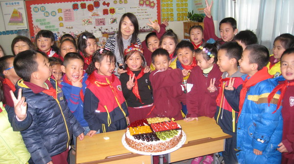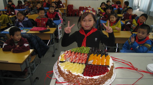 今天是二年级(9)班王雨桐同学的生日,借过生日之际,班主任周继娜对同学们进行感恩的教育。把生日蛋糕切开之前,王雨桐动情地说:“我最想感谢的是爸爸、妈妈”,“ 还有教过我的所有老师。”接着在老师的组织下,同学们围拢过来,与过生日的“小福星”王雨桐合影,体现班集体的友爱、温暖。相信在(9)班班主任“生活皆教育”理念引导下,感恩的种子会在班级生根开花。
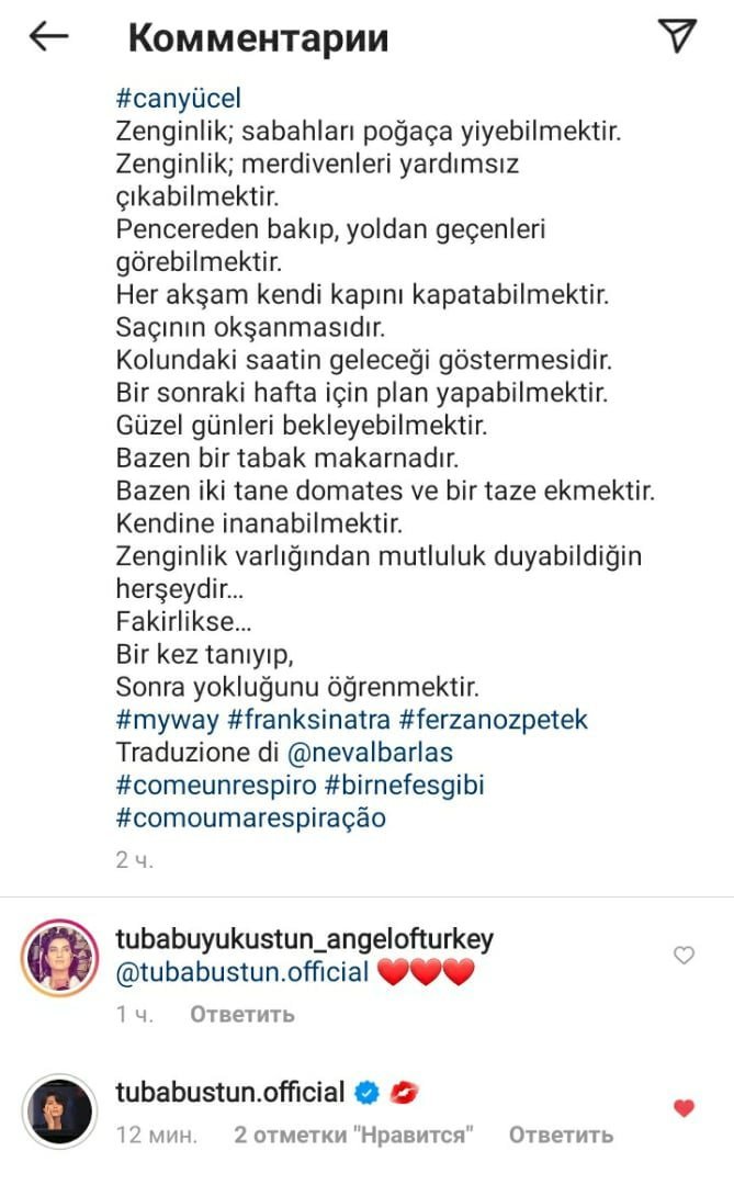 Прекрасная актриса, долгое время отсутствовавшая на экранах, продолжает радовать поклонников своими постами. Туба Бюйюкюстюн, излюбленное лицо экранов, очаровывает своей естественной красотой, получила высокую оценку в социальных сетях благодаря своей фото без макияжа.Фотография красивой актрисы, которая не стесняется позировать с нулевым макияжем, раскрывает ее чистую красоту, а фотография, которой она поделилась с пометкой «Может быть, нет…», получила высокую оценку.
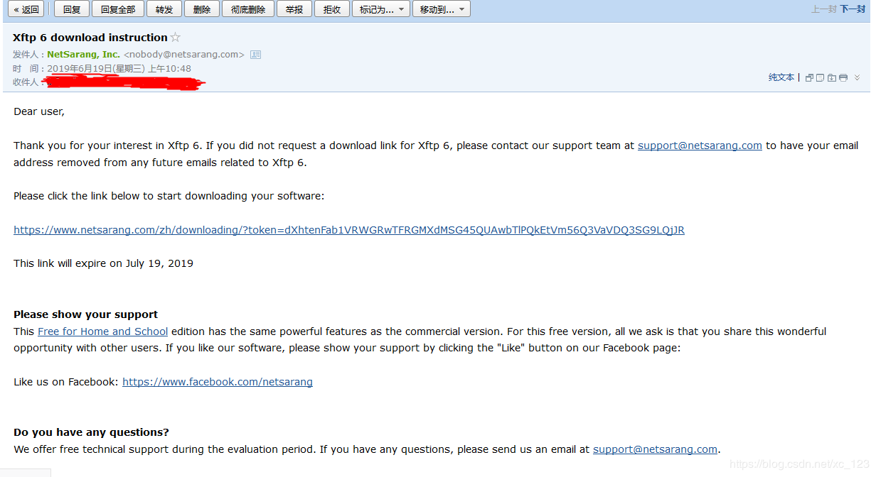 接收到郵件就可以點(diǎn)擊鏈接下載了。
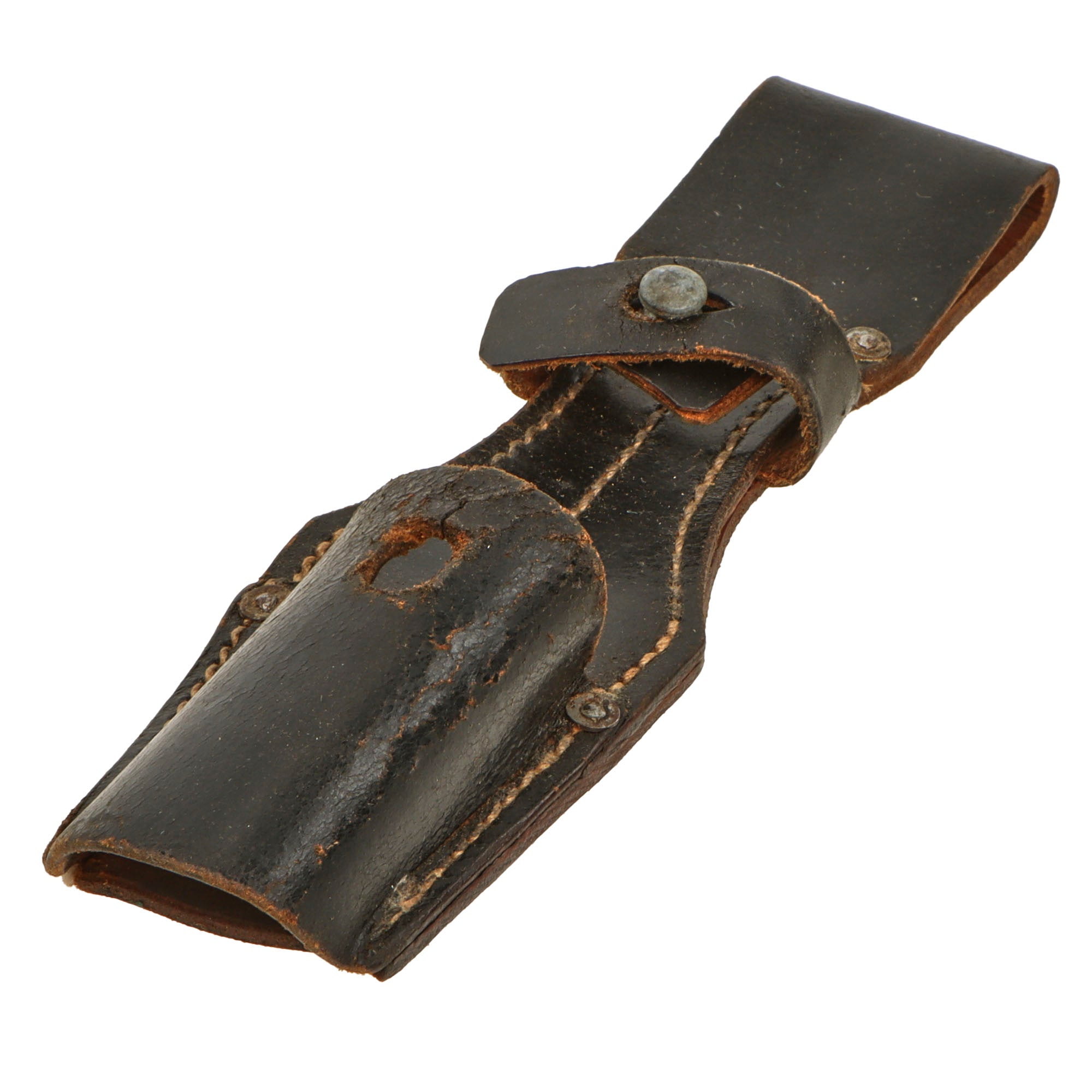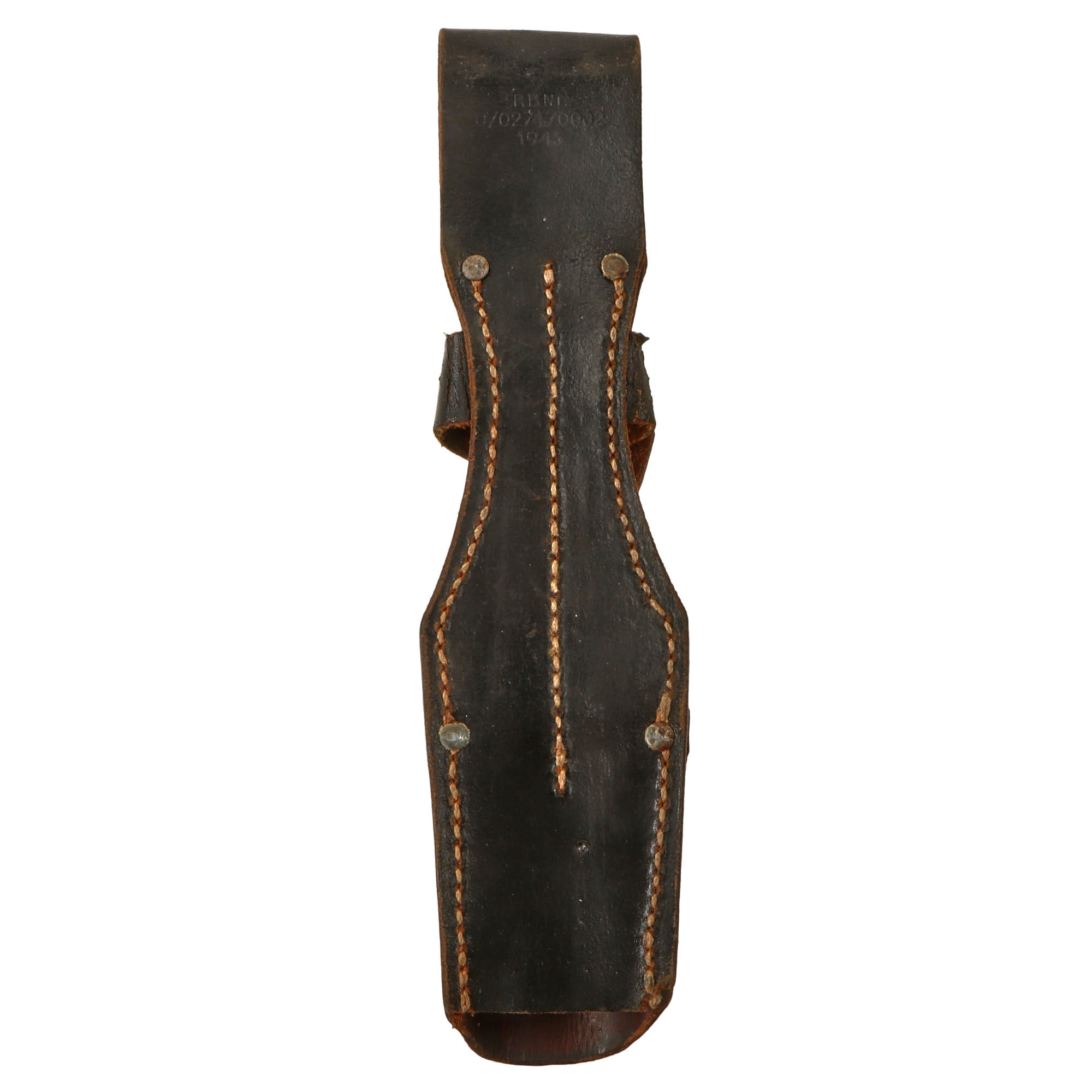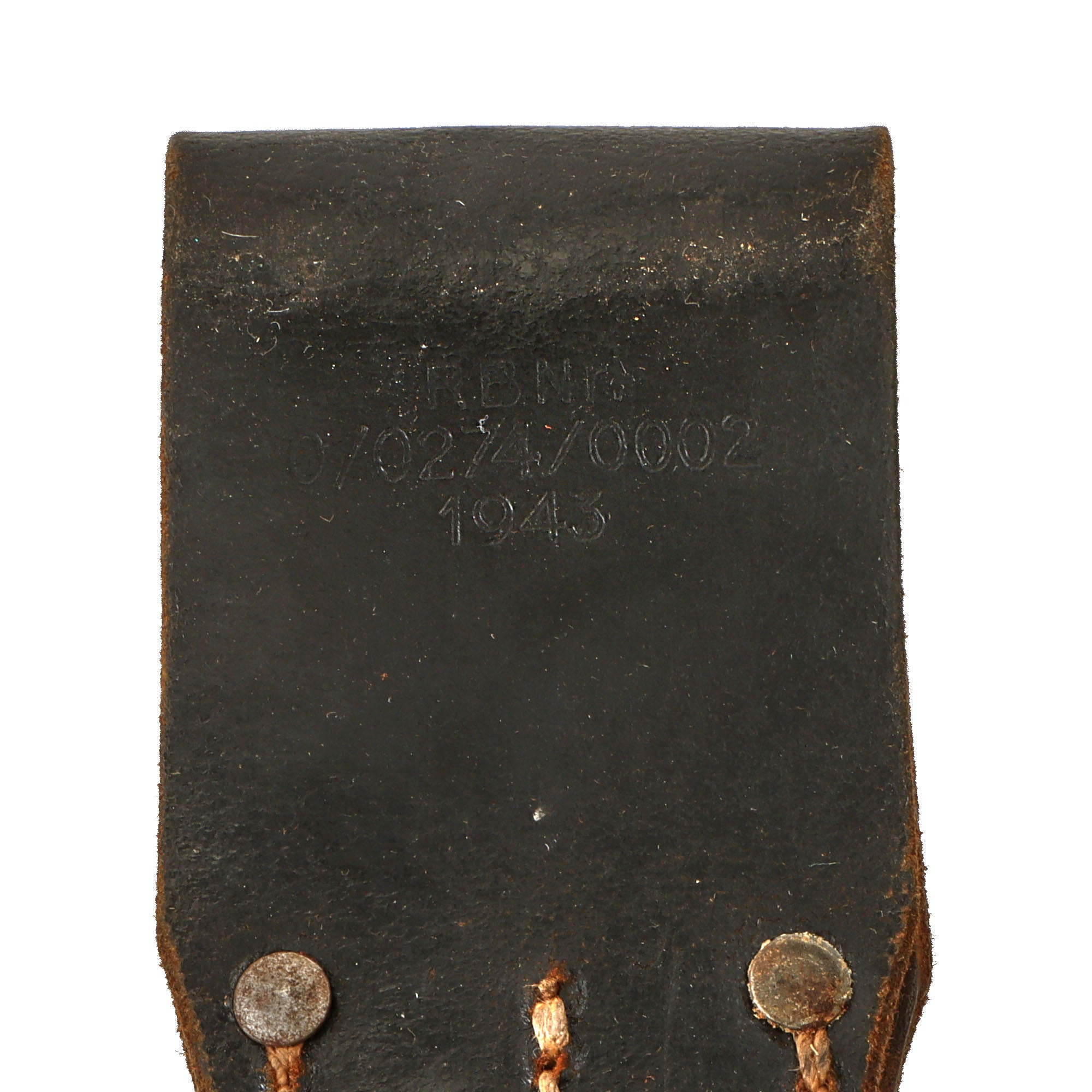 Original Item: Only One Available. This is a very nice "mounted pattern" genuine German WWII leather bayonet frog (Seitengewehrtragetasche), as used with the bayonets for the K98k and other service rifles. Sometimes called the "early pattern", it features a securing loop for the handle of the scabbard, which helped keep in place better. Some makers removed this later in the war, but others produced them with securing straps until the end of the war.

GOAL OF THE EXERCISE: For this exercise, give the listing again exactly as written, with the pictures omitted.

RESPONSE AREA:
 今天是二年级(9)班王雨桐同学的生日,借过生日之际,班主任周继娜对同学们进行感恩的教育。把生日蛋糕切开之前,王雨桐动情地说:“我最想感谢的是爸爸、妈妈”,“ 还有教过我的所有老师。”接着在老师的组织下,同学们围拢过来,与过生日的“小福星”王雨桐合影,体现班集体的友爱、温暖。相信在(9)班班主任“生活皆教育”理念引导下,感恩的种子会在班级生根开花。
 Прекрасная актриса, долгое время отсутствовавшая на экранах, продолжает радовать поклонников своими постами. Туба Бюйюкюстюн, излюбленное лицо экранов, очаровывает своей естественной красотой, получила высокую оценку в социальных сетях благодаря своей фото без макияжа.Фотография красивой актрисы, которая не стесняется позировать с нулевым макияжем, раскрывает ее чистую красоту, а фотография, которой она поделилась с пометкой «Может быть, нет…», получила высокую оценку.
 接收到郵件就可以點(diǎn)擊鏈接下載了。
 Original Item: Only One Available. This is a very nice "mounted pattern" genuine German WWII leather bayonet frog (Seitengewehrtragetasche), as used with the bayonets for the K98k and other service rifles. Sometimes called the "early pattern", it features a securing loop for the handle of the scabbard, which helped keep in place better. Some makers removed this later in the war, but others produced them with securing straps until the end of the war.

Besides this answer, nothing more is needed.